Exercise data:
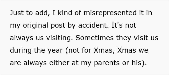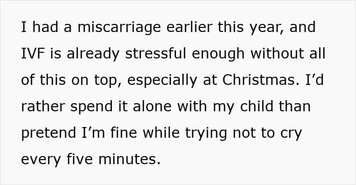 The OP, who has secondary infertility, shared that she and her husband have been trying for another child through IVF—a process they chose to keep private. The couple already have a toddler and, like many families, alternates Christmas visits between both sets of grandparents.
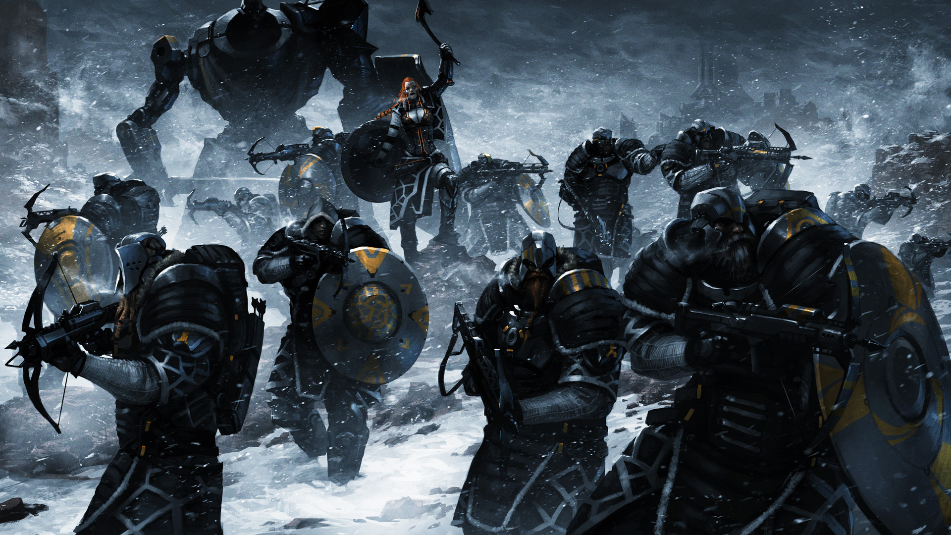The Vaulters' appearance draws inspiration from viking, slavic/russian and dwarven cultures with a futuristic overtone representing their affinity for knowledge and advanced sciences. They have been spotted to use a form of runic alphabet.
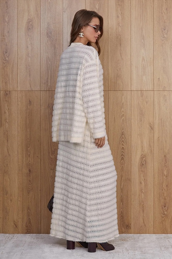 Костюм состоит из кардигана и юбки. Выполнен из кружевного вискозного трикотажного полотна.

Directions:
Your copy should hold exactly the lines from the line containing "The Vaulters' appearance" through the last line of the listing above, both included, and no pictures.

Reply:
The Vaulters' appearance draws inspiration from viking, slavic/russian and dwarven cultures with a futuristic overtone representing their affinity for knowledge and advanced sciences. They have been spotted to use a form of runic alphabet.
 Костюм состоит из кардигана и юбки. Выполнен из кружевного вискозного трикотажного полотна.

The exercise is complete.